In order to maintain production of an existing well it sometimes becomes desirable to clean the tubing bore of mineral and other deposits. These deposits not only tend to reduce product flow through the tube, but also obstruct the passage of other workover tools, which may be employed to enhance production. High-speed rotary jetting tools are in common use on coiled tubing workover rigs for this purpose. In general, these so called “whirl jets” have radially directed jets in combination with tangentially directed jets that make the tool spin at essentially uncontrolled speeds ranging from 500 to 5,000 rpm. Tool rotation is deemed to be necessary in order to clean the entire inside surface of the tube. The down side of this whirling action is that jet impact is not focused on any point but rather, it loses its integrity and is sprayed along a path around the tubing bore. The higher the speed of rotation, the longer the path and the less effective the cleaning action. As a result, whirl jets are generally considered to be bore washing devices rather than bore cleaning devices.

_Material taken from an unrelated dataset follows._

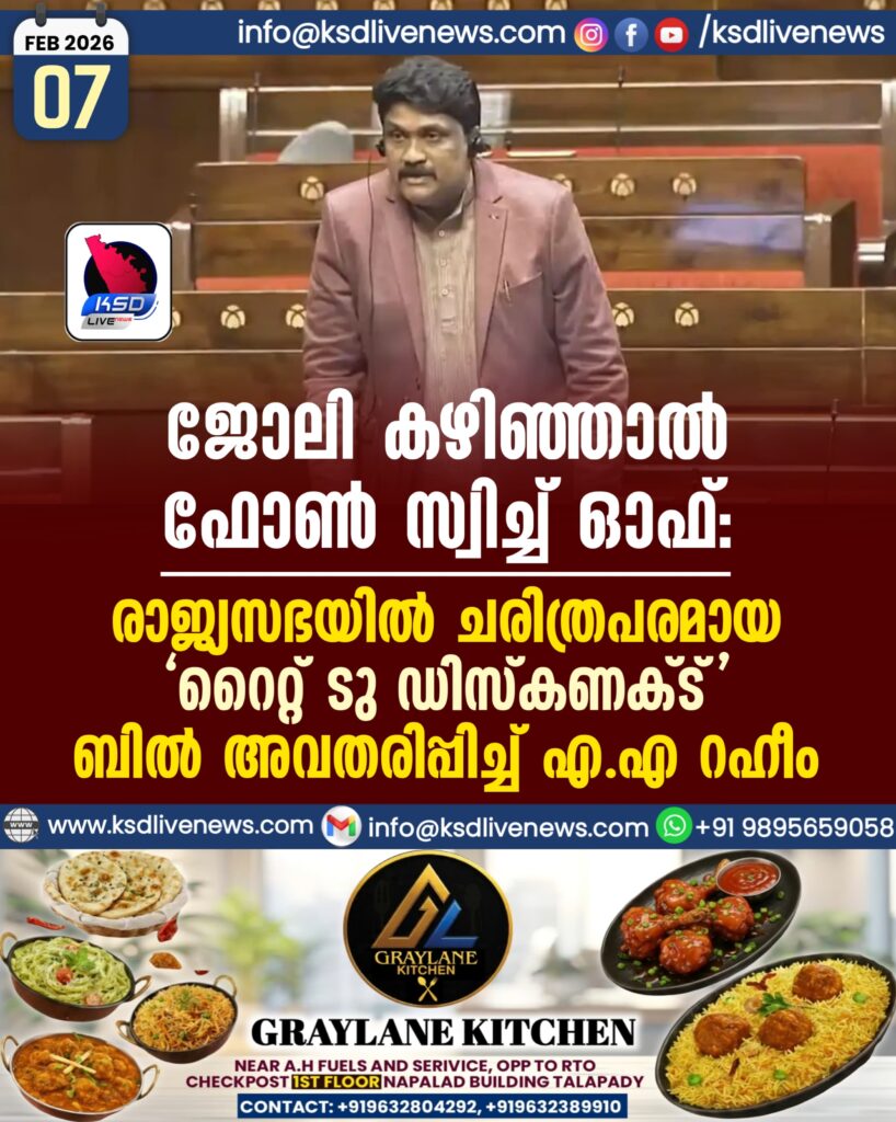 ന്യുഡല്ഹി: ഓഫീസ് സമയം കഴിഞ്ഞാല് ഔദ്യോഗിക ഫോണ് കോളുകളില് നിന്നും ഇമെയിലുകളില് നിന്നും പൂർണ്ണമായും വിട്ടുനില്ക്കാൻ ജീവനക്കാരെ അനുവദിക്കുന്ന ‘റൈറ്റ് ടു ഡിസ്കണക്ട്’ സ്വകാര്യ ബില് എ.എ റഹീം രാജ്യസഭയില് അവതരിപ്പിച്ചു.

The most effective jetting tool for breaking-up mineral deposits would be non-rotating, but since it is necessary to clean the entire bore of the tube, some rotation is obviously desirable. Whirl jets may have a combination of radial and tangential jets but none in the prior art have achieved a controlled, slow speed of considerably less than 100 rpm, as is necessary for effective bore cleaning.
A first object of the present invention is therefore, to provide a slowly rotating jetting tool for removal of hard mineral deposits in a well bore. A second object is that the tool rotational speed be less than 60 rpm, so as not to unduly diminish jet impingement velocity and impact for deposit removal purposes and a third object is that the rotational speed is stable and not affected by operating conditions. A fourth object of the present inventions is that the jetting tool be centralized in the well tube for stability and more uniform cleaning action. Yet other objects of the present inventions are that the jetting tool be inexpensive to manufacture and easy to maintain.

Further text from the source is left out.